Under California Penal Code 17(b), certain crimes can be charged as a felony or a misdemeanor in court. If you are charged with a felony, your criminal defense attorney should try to get it reduced to a misdemeanor if it is a qualifying charge. In order to be a qualifying charge, it must be a wobbler.
A “wobbler” is a specific criminal charge that the law says can either be a felony or a misdemeanor. The District Attorney can decide whether they are going to charge you with a felony or a misdemeanor charge. They will usually look at your criminal record, the facts of the case, the extent of the damages or injuries in the case, whether there are mitigating or extenuating circumstances in the case, how much prosecution the victims want, etc…
There are many listed wobbler criminal charges, but the most common ones are Penal Code 459-460(b) – Commercial Burglary, Penal Code 422 – Criminal Threats, Penal Code 245(a)(1) – Assault With a Deadly Weapon, Penal Code 273.5 – Domestic Violence, and Vehicle Code 23153 – Driving Under the Influence Causing Injury.
A 17(b) motion is a request or a motion made to the Court to reduce your felony charge or conviction to a misdemeanor charge or conviction.
If you are currently in court facing a felony charge, your attorney can make a 17(b) motion on your behalf to request that your felony charge be reduced to a misdemeanor charge.

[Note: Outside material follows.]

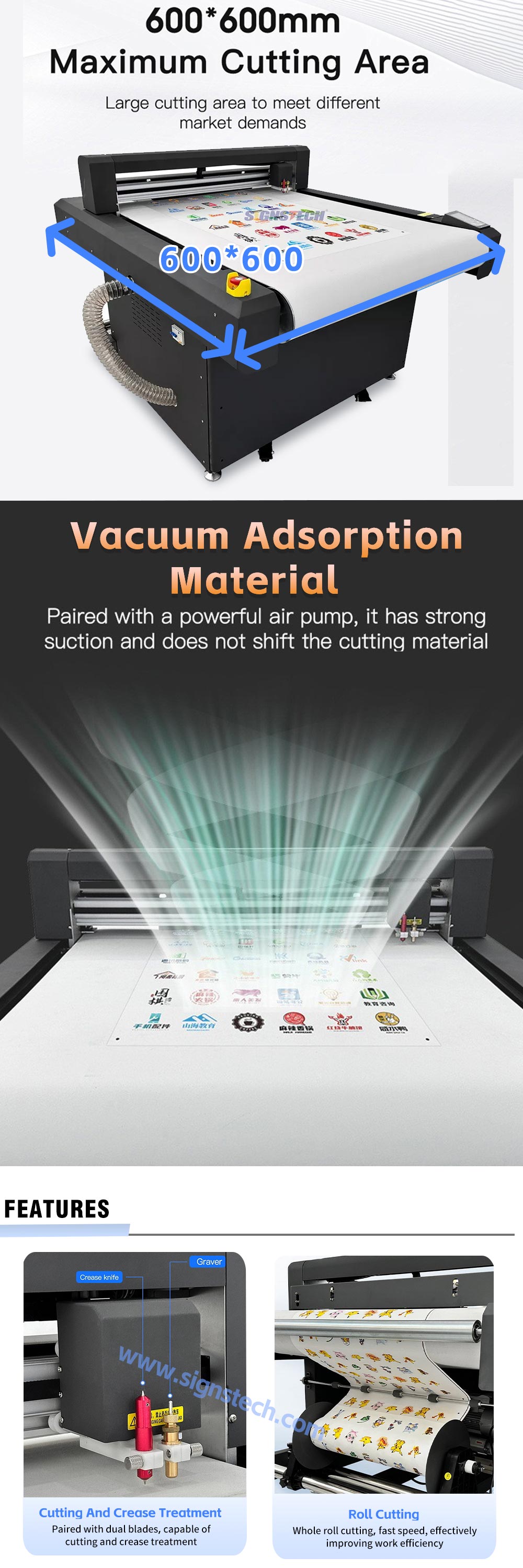 PET, PVC, cardboard, vinyl, film, fiber composite materials, Paper, PU, rubber etc. |

Your attorney can make this motion at the end of a preliminary hearing, at a court chambers conference, or at the end of a jury trial during sentencing. That is why it is crucial to have a good criminal defense attorney to fight for you and persuade the Judge why you should only be charged with a misdemeanor and not a felony.
If you are asking for an expungement of a felony and your prior conviction is a wobbler, your attorney will first request that the Judge grant a motion to reduce the prior felony conviction to a misdemeanor and then expunge it. This looks better on your record overall. However, in order to reduce a felony to a misdemeanor before an expungement, you must have been granted probation and not sentenced to state prison.
For obvious reasons, a misdemeanor is better than a felony. It means less maximum punishment, informal probation usually instead of formal probation or parole, and looks better on your record overall. Also, many employers only ask if you have felony convictions on job applications. They usually don’t care about misdemeanor convictions. And if you only have a misdemeanor on your record, you will not lose certain rights that you will lose if you have a felony on your record, such as the right to serve on a jury, certain gun rights, and applying for certain state licenses. Immigration consequences will also drastically change if you have a felony conviction versus a misdemeanor conviction.
There are many factors a Judge will consider when deciding whether to grant or deny your attorney’s request to reduce your felony charge to a misdemeanor charge. They will look at your prior criminal record, your age, your ties to the community, whether you have a job or are in school, the facts of the case, the extent of damages or injuries to the other parties, and any other mitigation factors that your attorney needs to present and argue on your behalf to the Judge. Typically, the District Attorney will oppose your attorney’s 17(b) motion and it will take a good criminal defense attorney to persuade the Judge to do it anyways.